Like last time, the RBA’s statement was generally quite upbeat, despite the dovish twist in their policy action. Remember that QE purchases weaken a currency, so the AUD was weaker out of the meeting. You can read the whole statement here from the RBA. The optimistic tone was affirmed by the Australian Treasury Secretary Kennedy who said that the recovery exceeded expectations and the labour market participation is somewhat surprising.
Remember that the Australian economy is closely tied to China’s economy. Approximately 30% of Australia’s GDP comes from its trade with China. Therefore, expect the AUD to be pushed or pulled along with the US-China trade sentiment. A falling S&P500 tends to weaken the AUD and vice versa, so keep an eye on the latest US stock moves as well in deciding the next path for AUD. The AUD should remain supported medium term on the reflation narrative.
European Central Bank, President Christine Lagarde, -0.50%, Meets March 11
The ECB repeated that Interest rates are expected to remain low until the inflation outlook moves up to a level sufficiently close to, but below 2% within its horizon framework. However, there was a shift in the language about the PEPP programme size. The key takeaway was the emphasis shift about the full use of the PEPP envelope. The ECB reminded markets that the full envelope does not necessarily have to be used. This is a decidedly more upbeat message and is an acknowledgement to ECB policy makers who did not want such a large PEPP envelope in the first place. The total amount of the PEPP envelope remains at €1850 billion with purchases are set to remain until at least the end of March 2022.
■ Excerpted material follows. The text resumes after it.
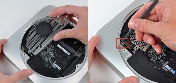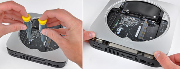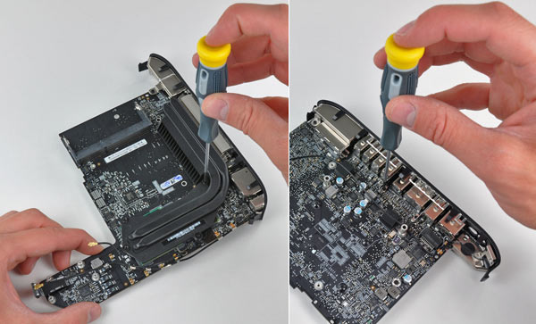 Via il dissipatore di calore da sopra i chip principali e via il coperchio esterno che circonda i connettori del Mac mini.

In the press conference just after the announcement Christine Lagarde echoed this positive sentiment reflected in the statement noting that risks to growth is still tilted to the downside, but less pronounced. This now sees the ECB joining the ranks of the central banks who are turning more upbeat due to vaccine optimism. One interesting point is that the ECB are asking staff to come up with new gauges to help with stimulus decisions as well as a new gauge of euro area financial conditions. The proposals are wanted from staff for March. Finally, with regard to the EURUSD exchange rate Lagarde said that the ECB was carefully monitoring FX rates.The ECB don’t like a strong EURUSD as it harms euro exporters and if the EURUSD gets too strong, too fast the ECB may act. She repeated that no-tools are off the table.
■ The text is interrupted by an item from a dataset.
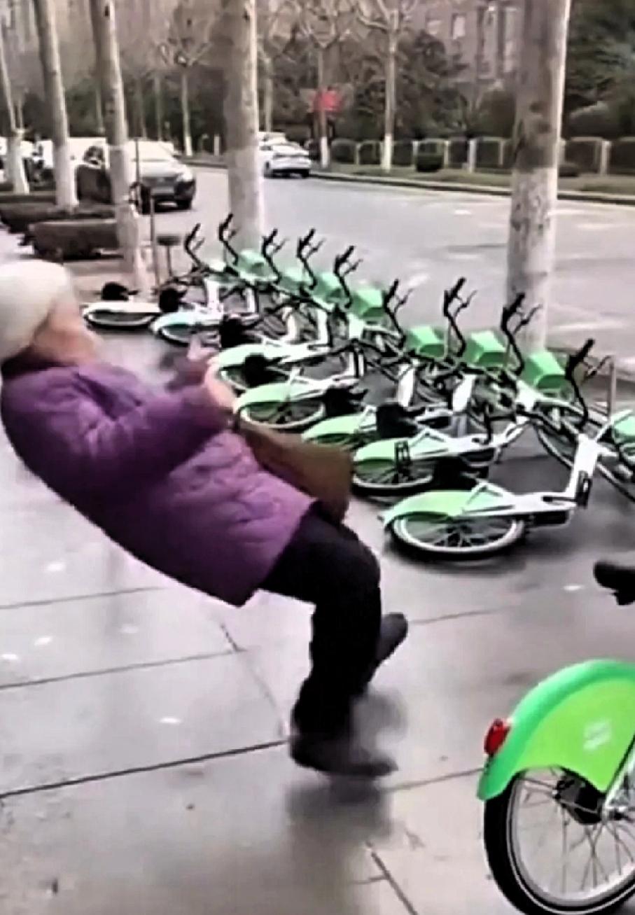 是老人变坏?还是坏人变老? 路边摆放整齐的单车,碍你老奶奶什么事了?一脚踹下去全部都顺倒一片,人在做天在看,举头三尺有神明,看:现报了吧! 这么大年纪了,不应该做这种不利于自己健康的坏事吧!人品和年龄没有关系, 这就是坏人变老了,骨子里的坏到死她都改变不了的啊!

The reaction of the EURUSD after the decision was very muted and mainly dollar driven. The bog picture remains that are pressures on the eurozone which may face a double dip recession and is slow with the vaccine roll outs. If the US starts to outperform Europe in terms of GDP growth and vaccinating their citizens far more quickly this will weigh on the EURUSD going forward.
Bank of Canada, Governor Stephen Poloz, 0.25%, Meets March 10
Like the ECB the Bank of Canada also had a more optimistic outlook. The general hope is that the current vaccine will boost the world economy and central banks are starting to cautiously enter into that hope. The Bank of Canada signalled that they too can see some possible light at the end of the COVID-19 tunnel. Heading into the latest meeting there had been rumoured to be a slight chance of a very small rate cut mooted by market participants. However, these were unfounded and rates were kept unchanged at 0.25% and bond purchases remained at the CAD $4 billion per week level. The Bank of Canada repeated that interest rates were not expected to rise until 2023, like the Federal Reserve. However, the bullish twist for the CAD was due to see pretty hearty revisions for growth. End of 2021 growth is now seen as +4.6% vs +3.8% previously. Inflation was revised up to +1.5% vs +1.3%. The big push higher for oil has been helping the Canadian oil export economy and the growth revisions show the better outlook.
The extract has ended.